• [What you need to do]: Starting at the line with "قوس قزح يزين" and going on through the line with "Centro Cultural Brasil-Perú", reproduce each line in the records below exactly and nothing more.

• [Material for this task]:
§
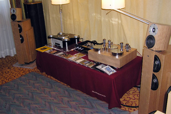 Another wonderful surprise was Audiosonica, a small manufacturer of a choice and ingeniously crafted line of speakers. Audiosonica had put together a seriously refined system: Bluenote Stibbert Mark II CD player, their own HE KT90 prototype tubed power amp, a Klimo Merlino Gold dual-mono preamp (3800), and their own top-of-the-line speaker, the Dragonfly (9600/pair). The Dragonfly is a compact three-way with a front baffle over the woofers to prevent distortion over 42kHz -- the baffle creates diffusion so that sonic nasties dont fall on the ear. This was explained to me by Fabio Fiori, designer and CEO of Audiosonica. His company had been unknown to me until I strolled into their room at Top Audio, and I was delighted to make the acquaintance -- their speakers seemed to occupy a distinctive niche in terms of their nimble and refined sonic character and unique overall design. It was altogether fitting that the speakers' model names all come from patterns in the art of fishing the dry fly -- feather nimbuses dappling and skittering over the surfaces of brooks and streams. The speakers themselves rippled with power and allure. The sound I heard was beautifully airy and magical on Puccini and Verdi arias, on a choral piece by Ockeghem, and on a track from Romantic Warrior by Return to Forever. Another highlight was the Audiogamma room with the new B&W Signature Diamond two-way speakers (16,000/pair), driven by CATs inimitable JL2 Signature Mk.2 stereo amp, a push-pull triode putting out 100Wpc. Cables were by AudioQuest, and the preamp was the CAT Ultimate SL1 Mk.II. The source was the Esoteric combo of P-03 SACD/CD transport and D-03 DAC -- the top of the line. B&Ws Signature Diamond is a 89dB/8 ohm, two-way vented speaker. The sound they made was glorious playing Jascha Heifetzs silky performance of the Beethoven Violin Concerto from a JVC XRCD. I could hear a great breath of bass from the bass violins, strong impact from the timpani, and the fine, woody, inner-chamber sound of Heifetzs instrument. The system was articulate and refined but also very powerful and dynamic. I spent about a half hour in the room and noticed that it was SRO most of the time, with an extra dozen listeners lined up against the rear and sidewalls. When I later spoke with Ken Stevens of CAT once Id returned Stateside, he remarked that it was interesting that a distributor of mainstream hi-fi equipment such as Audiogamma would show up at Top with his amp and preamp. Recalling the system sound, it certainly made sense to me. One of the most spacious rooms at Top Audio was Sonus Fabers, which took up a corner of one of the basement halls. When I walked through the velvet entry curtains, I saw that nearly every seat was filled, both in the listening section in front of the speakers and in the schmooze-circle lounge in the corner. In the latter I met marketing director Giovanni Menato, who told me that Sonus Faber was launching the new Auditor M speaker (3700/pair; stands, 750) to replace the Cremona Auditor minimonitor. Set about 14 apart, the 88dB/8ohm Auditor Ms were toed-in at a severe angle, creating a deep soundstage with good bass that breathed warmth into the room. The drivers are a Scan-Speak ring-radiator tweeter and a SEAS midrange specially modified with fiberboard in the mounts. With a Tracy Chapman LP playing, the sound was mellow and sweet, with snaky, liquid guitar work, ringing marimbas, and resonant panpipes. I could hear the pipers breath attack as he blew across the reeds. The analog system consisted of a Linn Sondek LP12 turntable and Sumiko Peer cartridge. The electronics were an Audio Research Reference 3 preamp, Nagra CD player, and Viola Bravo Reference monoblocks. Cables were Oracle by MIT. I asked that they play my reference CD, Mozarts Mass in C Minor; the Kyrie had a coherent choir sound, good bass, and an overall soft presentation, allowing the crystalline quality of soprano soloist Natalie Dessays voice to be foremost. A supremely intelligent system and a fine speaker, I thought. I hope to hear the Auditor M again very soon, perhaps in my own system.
§
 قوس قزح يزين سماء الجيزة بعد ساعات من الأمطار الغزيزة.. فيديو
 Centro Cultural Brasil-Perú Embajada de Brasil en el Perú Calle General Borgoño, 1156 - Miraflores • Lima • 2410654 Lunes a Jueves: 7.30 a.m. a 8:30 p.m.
§
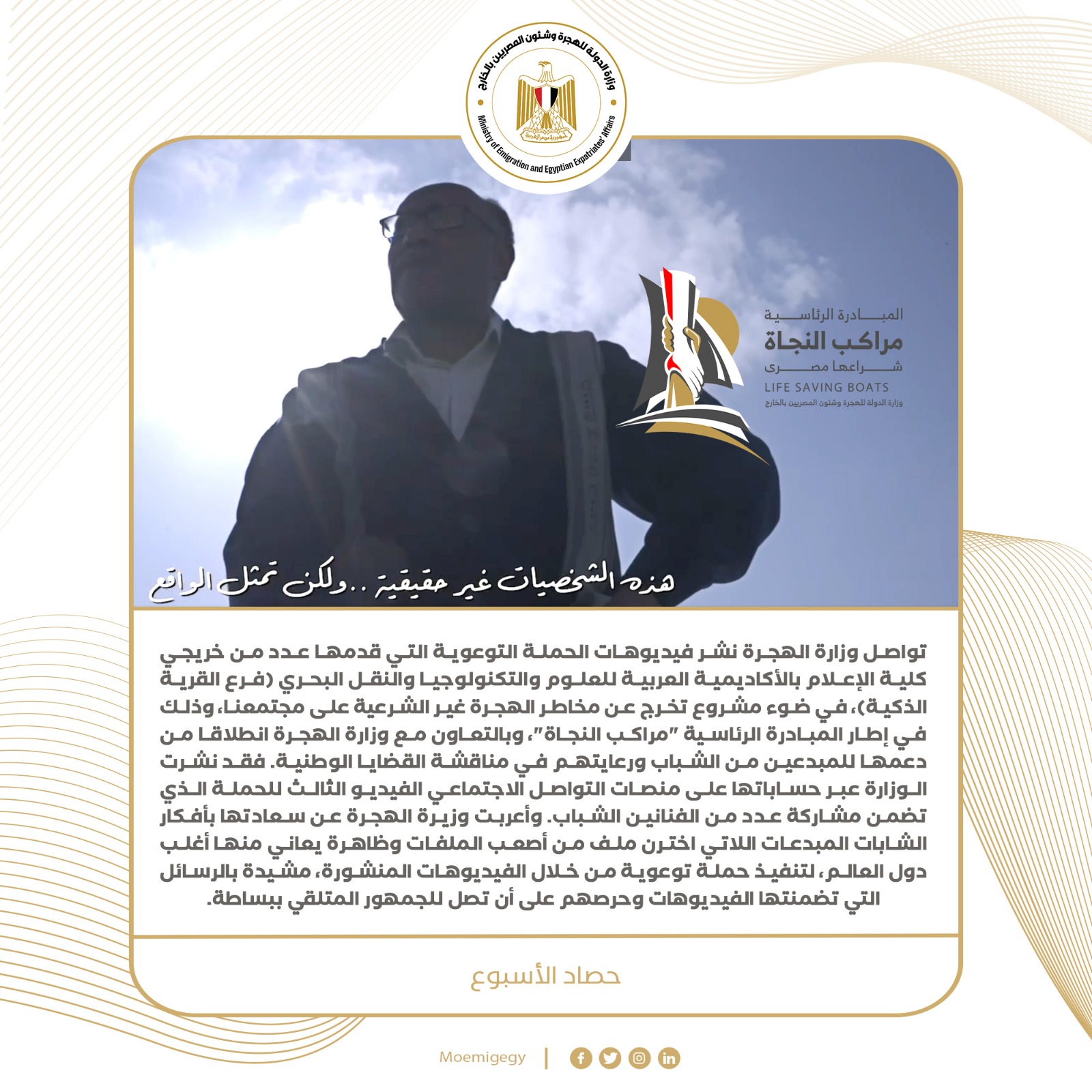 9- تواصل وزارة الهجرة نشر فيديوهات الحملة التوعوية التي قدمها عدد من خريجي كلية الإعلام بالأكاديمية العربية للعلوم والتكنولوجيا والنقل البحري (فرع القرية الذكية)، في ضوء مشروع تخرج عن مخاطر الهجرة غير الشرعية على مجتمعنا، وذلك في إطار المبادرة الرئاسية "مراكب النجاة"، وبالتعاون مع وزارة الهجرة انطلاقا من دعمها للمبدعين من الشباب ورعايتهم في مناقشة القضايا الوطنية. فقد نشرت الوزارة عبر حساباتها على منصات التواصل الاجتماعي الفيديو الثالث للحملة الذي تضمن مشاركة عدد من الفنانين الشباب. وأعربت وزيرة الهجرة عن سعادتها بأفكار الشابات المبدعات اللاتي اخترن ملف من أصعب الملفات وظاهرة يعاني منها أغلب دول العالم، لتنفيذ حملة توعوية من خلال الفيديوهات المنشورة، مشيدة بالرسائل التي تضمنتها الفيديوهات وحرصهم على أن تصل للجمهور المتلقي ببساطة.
§
• [Your response]:
 قوس قزح يزين سماء الجيزة بعد ساعات من الأمطار الغزيزة.. فيديو
 Centro Cultural Brasil-Perú Embajada de Brasil en el Perú Calle General Borgoño, 1156 - Miraflores • Lima • 2410654 Lunes a Jueves: 7.30 a.m. a 8:30 p.m.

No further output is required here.